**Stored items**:
- Opening Delimiter -

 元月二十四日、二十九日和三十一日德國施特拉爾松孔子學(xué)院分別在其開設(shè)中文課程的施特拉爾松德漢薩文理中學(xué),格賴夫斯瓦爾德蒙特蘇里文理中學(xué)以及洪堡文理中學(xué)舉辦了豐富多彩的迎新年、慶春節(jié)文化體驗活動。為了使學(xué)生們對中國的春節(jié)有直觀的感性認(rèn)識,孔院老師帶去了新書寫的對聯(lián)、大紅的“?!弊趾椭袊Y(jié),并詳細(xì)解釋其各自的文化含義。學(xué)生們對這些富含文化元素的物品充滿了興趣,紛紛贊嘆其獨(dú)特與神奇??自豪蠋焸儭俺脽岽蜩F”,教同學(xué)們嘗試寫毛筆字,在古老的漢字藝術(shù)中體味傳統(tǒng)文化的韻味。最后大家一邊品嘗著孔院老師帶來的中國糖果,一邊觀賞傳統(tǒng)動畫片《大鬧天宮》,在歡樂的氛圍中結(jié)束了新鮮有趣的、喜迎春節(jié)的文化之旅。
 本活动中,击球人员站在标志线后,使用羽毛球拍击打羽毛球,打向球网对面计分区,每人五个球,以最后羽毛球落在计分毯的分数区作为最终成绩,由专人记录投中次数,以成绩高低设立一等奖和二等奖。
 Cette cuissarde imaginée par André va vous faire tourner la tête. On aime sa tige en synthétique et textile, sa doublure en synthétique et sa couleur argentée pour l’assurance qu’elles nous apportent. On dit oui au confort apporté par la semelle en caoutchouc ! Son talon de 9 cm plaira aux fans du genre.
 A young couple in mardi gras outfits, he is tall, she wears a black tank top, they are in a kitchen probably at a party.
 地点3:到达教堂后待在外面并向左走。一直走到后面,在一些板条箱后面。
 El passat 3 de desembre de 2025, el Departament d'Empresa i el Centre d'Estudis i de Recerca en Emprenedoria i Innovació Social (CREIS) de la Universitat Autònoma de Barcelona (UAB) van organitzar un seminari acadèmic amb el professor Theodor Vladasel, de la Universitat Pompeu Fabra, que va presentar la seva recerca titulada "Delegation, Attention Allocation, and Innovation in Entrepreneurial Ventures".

- Closing Delimiter -

An exact reproduction of all the records is required.

**PROBLEM SOLUTION**:
 元月二十四日、二十九日和三十一日德國施特拉爾松孔子學(xué)院分別在其開設(shè)中文課程的施特拉爾松德漢薩文理中學(xué),格賴夫斯瓦爾德蒙特蘇里文理中學(xué)以及洪堡文理中學(xué)舉辦了豐富多彩的迎新年、慶春節(jié)文化體驗活動。為了使學(xué)生們對中國的春節(jié)有直觀的感性認(rèn)識,孔院老師帶去了新書寫的對聯(lián)、大紅的“?!弊趾椭袊Y(jié),并詳細(xì)解釋其各自的文化含義。學(xué)生們對這些富含文化元素的物品充滿了興趣,紛紛贊嘆其獨(dú)特與神奇??自豪蠋焸儭俺脽岽蜩F”,教同學(xué)們嘗試寫毛筆字,在古老的漢字藝術(shù)中體味傳統(tǒng)文化的韻味。最后大家一邊品嘗著孔院老師帶來的中國糖果,一邊觀賞傳統(tǒng)動畫片《大鬧天宮》,在歡樂的氛圍中結(jié)束了新鮮有趣的、喜迎春節(jié)的文化之旅。
 本活动中,击球人员站在标志线后,使用羽毛球拍击打羽毛球,打向球网对面计分区,每人五个球,以最后羽毛球落在计分毯的分数区作为最终成绩,由专人记录投中次数,以成绩高低设立一等奖和二等奖。
 Cette cuissarde imaginée par André va vous faire tourner la tête. On aime sa tige en synthétique et textile, sa doublure en synthétique et sa couleur argentée pour l’assurance qu’elles nous apportent. On dit oui au confort apporté par la semelle en caoutchouc ! Son talon de 9 cm plaira aux fans du genre.
 A young couple in mardi gras outfits, he is tall, she wears a black tank top, they are in a kitchen probably at a party.
 地点3:到达教堂后待在外面并向左走。一直走到后面,在一些板条箱后面。
 El passat 3 de desembre de 2025, el Departament d'Empresa i el Centre d'Estudis i de Recerca en Emprenedoria i Innovació Social (CREIS) de la Universitat Autònoma de Barcelona (UAB) van organitzar un seminari acadèmic amb el professor Theodor Vladasel, de la Universitat Pompeu Fabra, que va presentar la seva recerca titulada "Delegation, Attention Allocation, and Innovation in Entrepreneurial Ventures".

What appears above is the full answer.